In my tyre model the contact patch has a static and a sliding region. For the sliding region the friction force I apply is opposite to the direction the tyre is moving (and I decompose it to longitudinal and lateral components). This is OK, isn't it?
At the static region the tyre is deforming in both directions due to the tracktion. From the degree of deformtion (slip angle, slip ratio), I get the static longitudinal and lateral forces.
Quote:Original post by Motorherp
Secondly if the motion force is small enough that it lies below the maximum static friction then the static friction force should be scaled to cancel out the motion force. Hence static friction should never result in a reversal of direction. Last but not least, when kinetic friction comes into play it means that there is already a large motion force.
Sorry, from this I cannot see, what you mean on motion force exactly.
Quote:Original post by Motorherp
For the kinetic friction force to reverse the velocity it will have to be extremely large which suggests you are miscalculating the grounds normal force or that you have an unrealistic friction coefficient (I suggest about 0.8).
In my game if I skid in a corner, and say lock the wheels, then I begin to slide in a direction on flat ground (and possibly rotate). The sliding force is, what slows my car until it stops. And when it stops, then it begin to oscillate, but this is not visible, I know it from displaying slip angle. The friction coefficient is speed difference dependent (this is the realistic approach). On asphalt it is 1.1 at speed diff. of 0 (static friction), and decreases linearly, and reaches 0.6 at 40 km/h speed difference. After that it doesn't decrease more. I saw this graph in a paper somewhere. It is measured data.

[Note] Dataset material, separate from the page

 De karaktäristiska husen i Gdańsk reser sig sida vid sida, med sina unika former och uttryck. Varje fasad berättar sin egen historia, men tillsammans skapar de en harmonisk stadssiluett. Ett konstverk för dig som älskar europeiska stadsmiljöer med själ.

Quote:Original post by Motorherp
You might want to check your units just to make sure you're not inputting values which are magnitudes of order out. Let me know if any of this helps.

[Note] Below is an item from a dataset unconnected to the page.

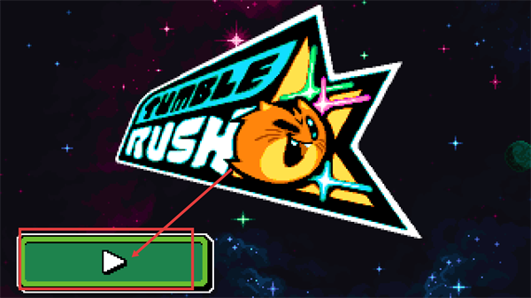 1、进入【Tumble-Rush】的启动界面后,找到界面内的绿色播放按钮并点击,这是开启该游戏游玩流程的必要初始操作。

I think my units are OK, because at higher speeds it behaves normal, and can be controlled quite well.
Quote:Original post by Motorherp
On second thoughts concerning the direction of application of the friction force, you might be right in applying it in the two seperate directions. Try both and see which one looks best.

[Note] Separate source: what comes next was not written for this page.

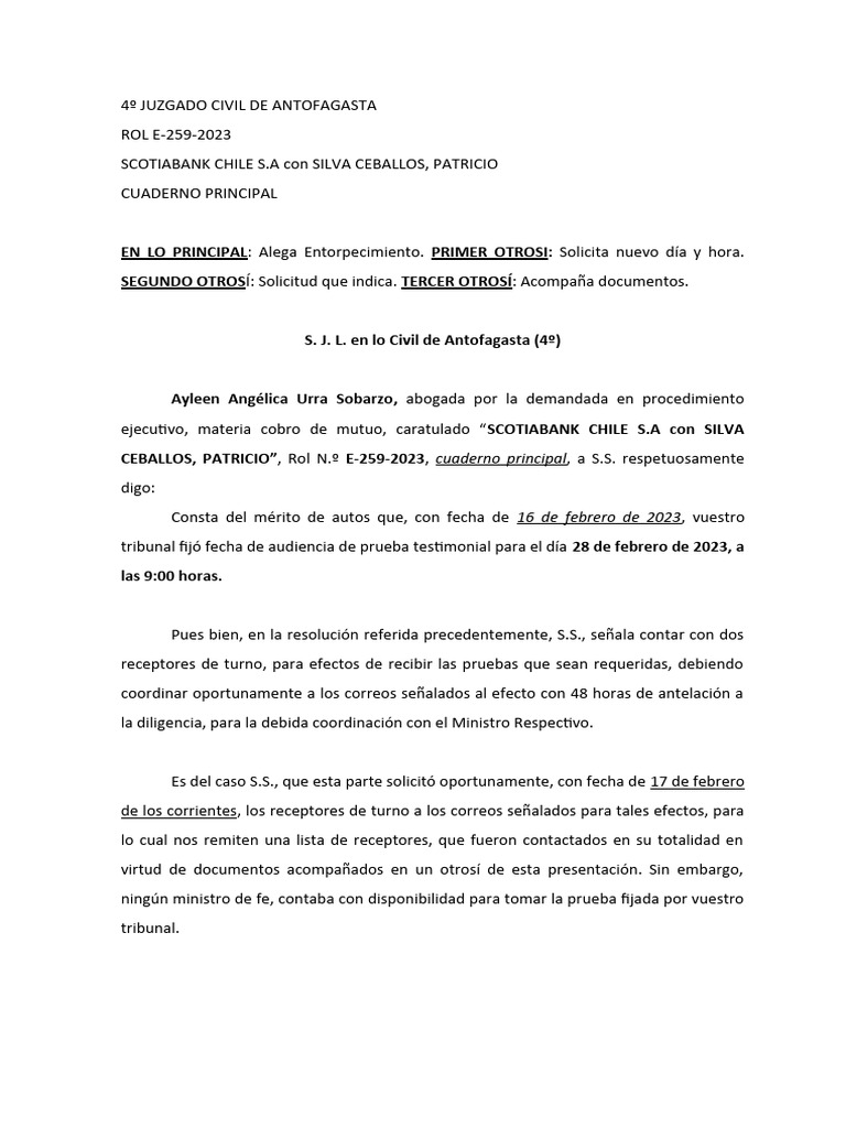 EN LO PRINCIPAL: Alega Entorpecimiento. PRIMER OTROSI: Solicita nuevo día y hora.

Sorry, I don't understand this cornering. Do you mean that I calculate longitudinal and lateral forces separatly? It doesn't matter for the motion of the body, because all of them will be applied on it. However, only the longitudinal component acts on the tyre as a reaction torque. That's why it have to be separated.
SpaceDude:
Quote:Original post by SpaceDude
Well that sounds like a hack to me... and IMO, if you want your game to act realistic, you should do things properly.
I hate to repeat what has already been said several times but just make sure that the friction force does not cause a change in velocity in the first place, then you don't need to worry about it later on.
You may have misunderstoond something. I check the sign change of the object's velocity for these frictional forces, like air resistance, or brake torque, or rolling resistance. And this method is what you mention too. And I think it MUST be done such way. I check the sign change, because these forces cannot change the sign of any coordinate of the velocity, and cannot add energy to the system (hence cannot increase the abs() of any coordinate of the velocity). What's the hack in this thought? This results realistic behaviour for rigid bodies.
But tyres are different again. The deformability. The deformation (for the static region of the contact patch) works like a damped spring, so it is not simply a frictional force.
For example when a car begins turning, the angular velocity of it is increasing. A frictional force cannot do that (increasing energy). The turning is due to the adhension of the static region of the contact patch. Here the tyre is deformed, and that's what turns the car. Roughly like a spring force. If the steered tyres don't stick, then you cannot turn.
Both:
Thanks again for both your help. Maybe the situation and the work of the tyre is clearer now. Any more help is appreciated.
I think, I have to do something with the force of the static region. Motorherp's 2nd sentence might be the most valuable thought, if I could understand "motion force".